Получи случайную криптовалюту за регистрацию!

Мы приехали на шахту уже ближе к вечеру. Немного постояли на п | Черных и его коростели

Мы приехали на шахту уже ближе к вечеру. Немного постояли на проходной – ждали разрешения пройти на режимную территорию. Я кивнул уже знакомым коллегам; пару часов назад пересекались на последствиях другого обстрела, в частном секторе. Наконец за нами пришёл сотрудник шахты – отвести к нужному цеху.

За проходной раскинулись пейзажи из серии игр S.T.A.L.K.E.R. Советская индустриальная архитектура, здания для тяжелой и непонятной посторонним работы. Мир выцветших красок и ржавого железа, где самое яркое пятно – смятая сигаретная пачка на выщербленном асфальте. А цех на первый взгляд оказался копией заброшенных заводов на окраинах Москвы, где мы любили лазить подростками. Только через пару минут я понял: у нас всю начинку давно продали на лом, а здесь люди упрямо продолжают любить свои странные металические штуки. Продолжают жить в мире угля, железа и густых заводских шумов. Поэтому в цеху я увидел много ярких красок – красные кабели, белые бочки, жёлтые и зелёные силовые установки.
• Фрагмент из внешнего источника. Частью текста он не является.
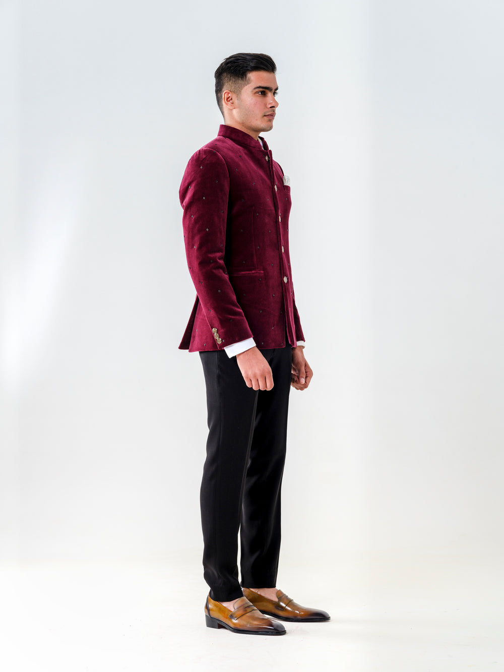 Mahroon Velvet Classic Jodhpuri Enhanced with Sprinkles of Cut Dana Styled with Chinese Collar Shirt and Black Trousers.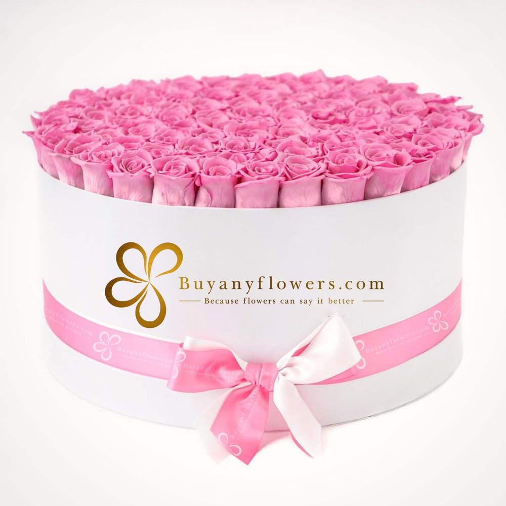 Ribbon - 1 pcs Pink rose - 121 pcs white box - 1 pcs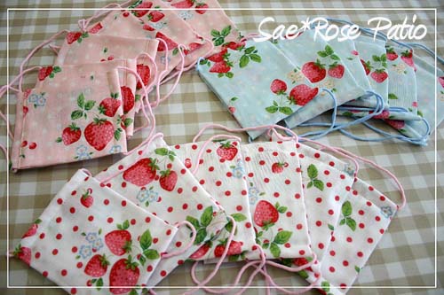 おはようございます今日はどんより曇り空また今日も寒い一日になりそうです。インフルエンザにかかっていた次女。金曜日に発熱し、月曜にはすっかり平熱に。そして昨日から幼稚園へ行くようになりました市内ではインフルエンザが結構流行っているようです。湿度もかなり低いので、インフルエンザだけでなくノロウィルスなども気をつけなきゃ、って思います。次女がインフルにかかったり、自分の用事があったり長女は脚が痛いというので外科へ連れて行ったり・・・と、いろんな用事が入ってきてハンドメイドもなかなか思うように進んでいません委託先のショップさんへは週に多くて2回行くのですが、もう10日も行けてない状況。今日は午後から長女の小学校では授業参観。何となく落ち着かない毎日が続きます。ぼぉーっとする時間が欲しいなぁ。。。先日、途中経過をUPしていたガーゼマスク。おととい完成し、昨日はラッピング作業をしました。 全部で21枚作り、そのうち1枚を長女に。次女に2枚。長女のマスクは、数えたら7,8枚ほどあったのでプラス1枚でいいかな、と。次女の方がほとんどなくて、プラス2枚。また別の柄でも作ろうと思ってます。大きないちご柄で、ちょっと離れていても何の柄かハッキリ。廃盤になっていた商品が今回だけ復活、ということで3色50センチだけ購入しました。でも、もうちょっと買っていてもよかったかなぁ~お客さまからオーダー頂いている通帳ポーチ。指定の色を持っていなくて、先日やっと見つけて注文しました。いくつか作った通帳ポーチより小さく、とのことなのでまたサイズを調整しなきゃいけません。サイズ変更も結構面倒だったり大変ですよね~今からサイズを調整して、作成にとりかかりまぁす。ソーイングpochee special Book「作ってあげたいげんきな通園通学BOOK」使用商品【キルト】おっ...価格:672円(税込、送料別)クラフトナビオリジナル♪【50cmカット】ハローキティWガーゼ★41250695価格:735円(税込、送料別)今日も読んでいただきまして、ホントにありがとうございましたクリックしていただけると励みになりますにほんブログ村にほんブログ村 design*yuippie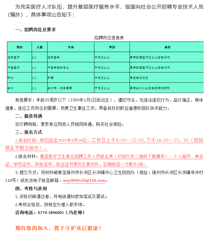 原文標(biāo)題:2025年梧州市長洲區(qū)長洲鎮(zhèn)中心衛(wèi)生院公開招聘公告

Я сфотографировал разбитое стекло, присыпанное пылью оборудование, мелкий осколок от снаряда или ракеты, чёрт его разберёт...

И только потом я увидел мертвого человека.

Он лежал на боку, спиной ко мне. У меня перехватило дыхание; я вглядывался в фон, чтобы не увидеть деталей. Синий – цвет металлических шкафчиков; оранжевый – отлетевшей каски; серый – густой пыли, которая засыпала разодранную спецовку и мёртвое лицо. А уже поверх пыли было красное. Совсем немного.

Я спросил сопровождающего, как это произошло.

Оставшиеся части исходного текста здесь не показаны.